• **REQUIRED ACTION**: Could you retype exactly the lines below between the one holding "Fotbalistii dinamovisti Paul" and the one holding "L'axe du grand", inclusive, leaving out any pictures?

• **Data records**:
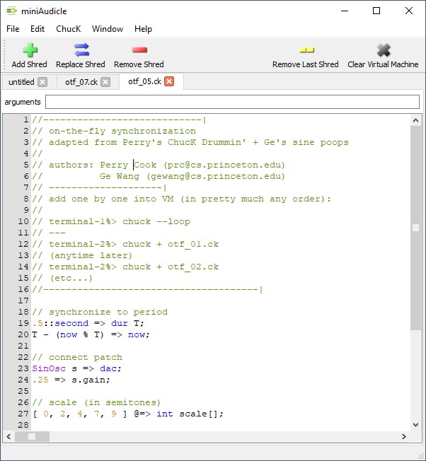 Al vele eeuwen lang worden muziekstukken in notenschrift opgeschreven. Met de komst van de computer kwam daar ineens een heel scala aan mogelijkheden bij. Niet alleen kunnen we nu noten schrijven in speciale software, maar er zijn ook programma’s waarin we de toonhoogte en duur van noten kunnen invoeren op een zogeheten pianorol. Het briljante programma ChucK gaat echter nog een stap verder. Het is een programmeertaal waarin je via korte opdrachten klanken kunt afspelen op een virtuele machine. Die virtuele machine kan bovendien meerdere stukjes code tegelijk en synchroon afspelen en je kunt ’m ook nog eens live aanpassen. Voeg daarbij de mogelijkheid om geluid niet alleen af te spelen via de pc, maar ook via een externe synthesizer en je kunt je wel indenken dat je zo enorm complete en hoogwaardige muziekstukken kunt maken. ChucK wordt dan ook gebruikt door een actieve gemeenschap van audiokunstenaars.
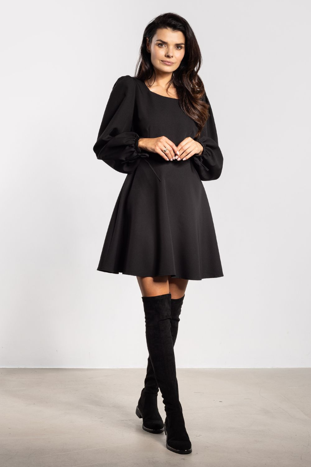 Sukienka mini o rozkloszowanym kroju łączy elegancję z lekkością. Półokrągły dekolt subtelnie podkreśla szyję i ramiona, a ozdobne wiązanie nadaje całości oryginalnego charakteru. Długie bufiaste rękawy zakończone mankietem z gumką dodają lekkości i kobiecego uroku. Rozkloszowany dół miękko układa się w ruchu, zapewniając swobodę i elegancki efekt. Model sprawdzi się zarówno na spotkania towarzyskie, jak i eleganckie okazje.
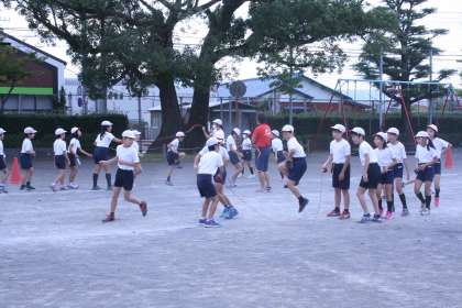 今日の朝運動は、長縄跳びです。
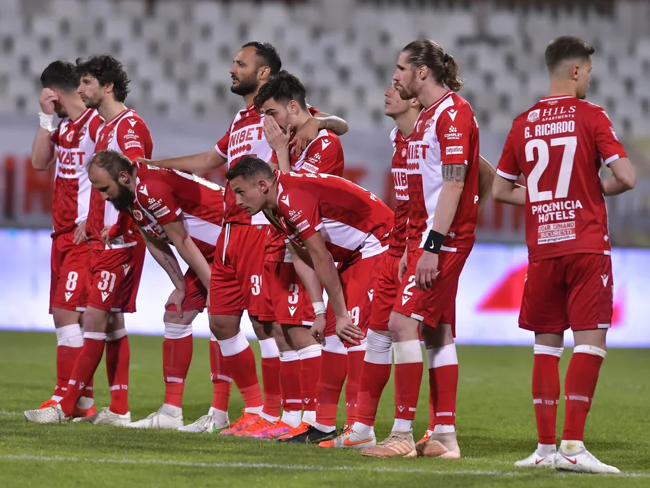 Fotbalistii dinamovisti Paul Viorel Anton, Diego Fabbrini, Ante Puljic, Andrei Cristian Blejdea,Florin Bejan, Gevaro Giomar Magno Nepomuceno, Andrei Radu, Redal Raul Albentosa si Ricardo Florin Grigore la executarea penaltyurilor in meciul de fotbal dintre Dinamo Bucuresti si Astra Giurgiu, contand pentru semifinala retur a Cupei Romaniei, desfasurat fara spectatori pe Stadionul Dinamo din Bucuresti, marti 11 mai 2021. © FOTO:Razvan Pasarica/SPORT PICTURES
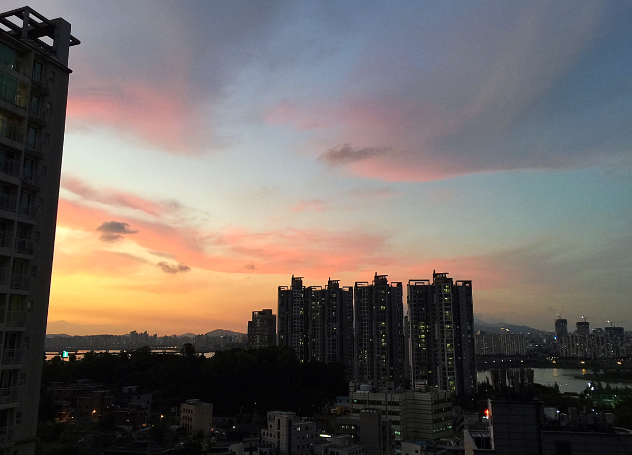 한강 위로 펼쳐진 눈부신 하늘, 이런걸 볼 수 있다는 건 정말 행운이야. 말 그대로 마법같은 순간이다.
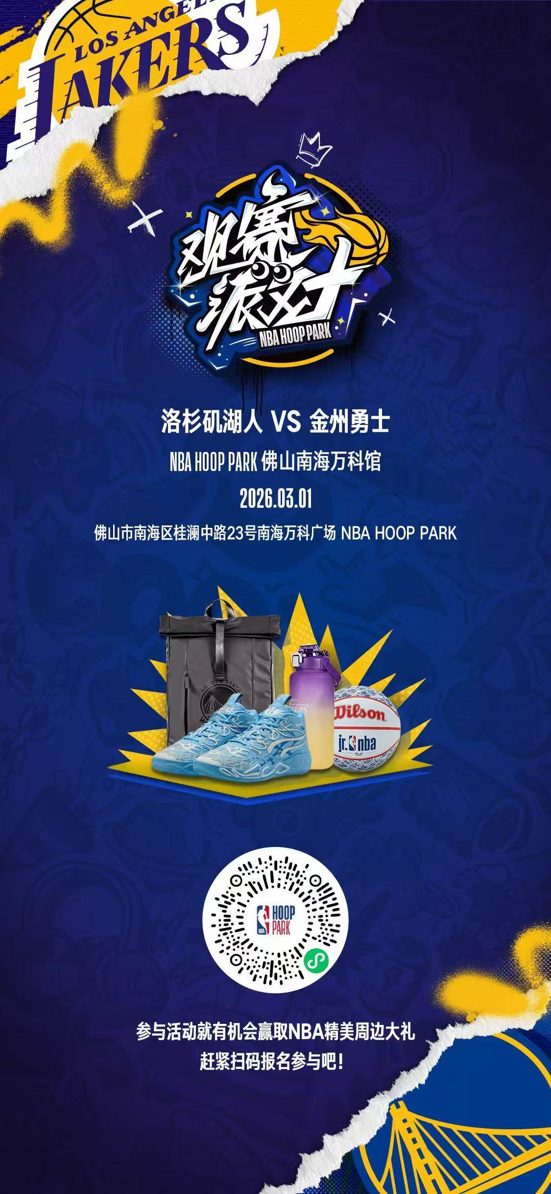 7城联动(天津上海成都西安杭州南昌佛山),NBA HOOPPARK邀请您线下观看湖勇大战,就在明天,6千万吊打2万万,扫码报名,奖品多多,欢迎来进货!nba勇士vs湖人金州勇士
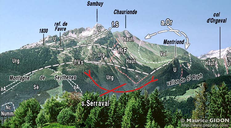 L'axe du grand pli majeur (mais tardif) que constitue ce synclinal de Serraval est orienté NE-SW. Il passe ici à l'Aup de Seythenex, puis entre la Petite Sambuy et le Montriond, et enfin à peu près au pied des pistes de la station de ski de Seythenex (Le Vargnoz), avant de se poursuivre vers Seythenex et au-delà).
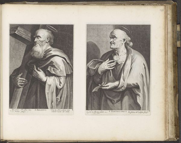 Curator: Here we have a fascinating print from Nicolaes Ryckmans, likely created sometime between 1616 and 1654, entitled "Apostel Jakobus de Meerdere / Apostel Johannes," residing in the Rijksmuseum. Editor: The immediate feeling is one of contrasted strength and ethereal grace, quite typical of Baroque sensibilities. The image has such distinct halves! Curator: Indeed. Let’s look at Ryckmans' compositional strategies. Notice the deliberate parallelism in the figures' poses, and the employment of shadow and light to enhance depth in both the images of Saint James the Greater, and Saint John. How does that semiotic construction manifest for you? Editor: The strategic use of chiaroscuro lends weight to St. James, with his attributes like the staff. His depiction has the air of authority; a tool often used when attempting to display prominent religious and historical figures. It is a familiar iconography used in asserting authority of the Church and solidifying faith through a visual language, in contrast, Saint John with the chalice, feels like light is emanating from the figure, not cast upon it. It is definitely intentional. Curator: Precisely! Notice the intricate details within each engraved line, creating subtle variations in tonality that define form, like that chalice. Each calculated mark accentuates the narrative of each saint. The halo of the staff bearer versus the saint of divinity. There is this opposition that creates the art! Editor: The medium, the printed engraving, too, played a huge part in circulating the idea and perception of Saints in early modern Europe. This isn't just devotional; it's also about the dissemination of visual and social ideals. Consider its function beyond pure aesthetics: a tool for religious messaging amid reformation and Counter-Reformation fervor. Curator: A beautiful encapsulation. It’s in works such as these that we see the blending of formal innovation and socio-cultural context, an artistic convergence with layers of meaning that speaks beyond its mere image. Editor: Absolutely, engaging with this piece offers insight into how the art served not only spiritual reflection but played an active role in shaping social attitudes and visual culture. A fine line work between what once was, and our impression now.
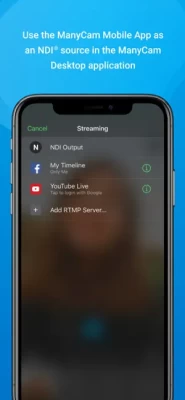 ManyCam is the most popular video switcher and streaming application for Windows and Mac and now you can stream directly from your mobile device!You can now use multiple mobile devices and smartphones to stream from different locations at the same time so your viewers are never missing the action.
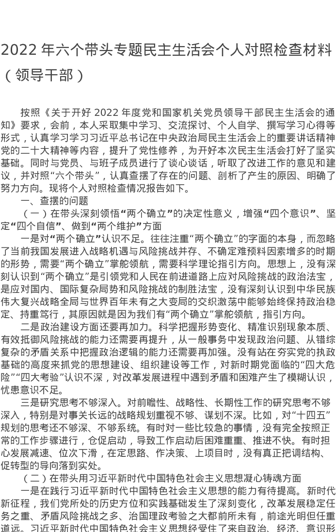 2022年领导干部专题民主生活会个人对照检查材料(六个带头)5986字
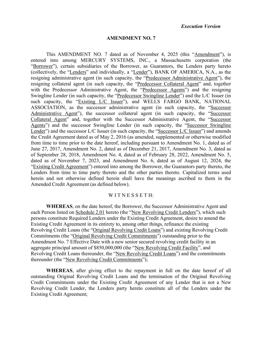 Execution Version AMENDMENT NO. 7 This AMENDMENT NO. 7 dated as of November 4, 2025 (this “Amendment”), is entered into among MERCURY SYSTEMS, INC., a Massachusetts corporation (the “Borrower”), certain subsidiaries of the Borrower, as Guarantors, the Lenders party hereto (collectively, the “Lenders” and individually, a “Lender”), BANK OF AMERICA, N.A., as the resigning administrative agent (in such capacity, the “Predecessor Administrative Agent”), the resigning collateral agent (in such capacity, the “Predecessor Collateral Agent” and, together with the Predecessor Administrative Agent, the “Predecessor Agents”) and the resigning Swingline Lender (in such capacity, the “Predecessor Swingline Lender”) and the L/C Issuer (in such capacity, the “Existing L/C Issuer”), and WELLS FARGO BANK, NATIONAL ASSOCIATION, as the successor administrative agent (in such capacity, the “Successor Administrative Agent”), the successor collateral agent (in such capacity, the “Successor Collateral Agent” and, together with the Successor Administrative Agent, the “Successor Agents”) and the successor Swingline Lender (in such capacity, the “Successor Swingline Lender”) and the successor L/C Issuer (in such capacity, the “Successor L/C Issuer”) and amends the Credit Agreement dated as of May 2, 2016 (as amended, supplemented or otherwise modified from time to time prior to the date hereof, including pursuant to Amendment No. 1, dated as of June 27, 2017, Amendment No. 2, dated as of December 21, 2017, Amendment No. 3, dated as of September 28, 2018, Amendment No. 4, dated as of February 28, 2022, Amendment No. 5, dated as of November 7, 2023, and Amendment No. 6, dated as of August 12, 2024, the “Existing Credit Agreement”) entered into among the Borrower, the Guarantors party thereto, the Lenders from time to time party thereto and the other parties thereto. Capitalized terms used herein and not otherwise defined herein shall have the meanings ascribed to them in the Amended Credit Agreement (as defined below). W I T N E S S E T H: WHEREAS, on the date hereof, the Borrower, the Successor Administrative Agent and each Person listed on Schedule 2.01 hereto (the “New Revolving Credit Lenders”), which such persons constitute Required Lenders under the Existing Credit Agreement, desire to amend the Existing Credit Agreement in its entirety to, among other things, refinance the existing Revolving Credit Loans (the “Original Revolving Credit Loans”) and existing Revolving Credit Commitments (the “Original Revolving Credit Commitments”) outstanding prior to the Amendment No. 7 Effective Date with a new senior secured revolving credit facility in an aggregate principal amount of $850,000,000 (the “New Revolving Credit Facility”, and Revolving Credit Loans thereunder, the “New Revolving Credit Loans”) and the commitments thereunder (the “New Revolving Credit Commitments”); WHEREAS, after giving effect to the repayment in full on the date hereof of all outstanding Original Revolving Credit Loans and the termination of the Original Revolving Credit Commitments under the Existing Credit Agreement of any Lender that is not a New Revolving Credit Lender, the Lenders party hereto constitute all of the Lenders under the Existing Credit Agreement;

• **RESPONSE AREA**:
 Fotbalistii dinamovisti Paul Viorel Anton, Diego Fabbrini, Ante Puljic, Andrei Cristian Blejdea,Florin Bejan, Gevaro Giomar Magno Nepomuceno, Andrei Radu, Redal Raul Albentosa si Ricardo Florin Grigore la executarea penaltyurilor in meciul de fotbal dintre Dinamo Bucuresti si Astra Giurgiu, contand pentru semifinala retur a Cupei Romaniei, desfasurat fara spectatori pe Stadionul Dinamo din Bucuresti, marti 11 mai 2021. © FOTO:Razvan Pasarica/SPORT PICTURES
 한강 위로 펼쳐진 눈부신 하늘, 이런걸 볼 수 있다는 건 정말 행운이야. 말 그대로 마법같은 순간이다.
 7城联动(天津上海成都西安杭州南昌佛山),NBA HOOPPARK邀请您线下观看湖勇大战,就在明天,6千万吊打2万万,扫码报名,奖品多多,欢迎来进货!nba勇士vs湖人金州勇士
 L'axe du grand pli majeur (mais tardif) que constitue ce synclinal de Serraval est orienté NE-SW. Il passe ici à l'Aup de Seythenex, puis entre la Petite Sambuy et le Montriond, et enfin à peu près au pied des pistes de la station de ski de Seythenex (Le Vargnoz), avant de se poursuivre vers Seythenex et au-delà).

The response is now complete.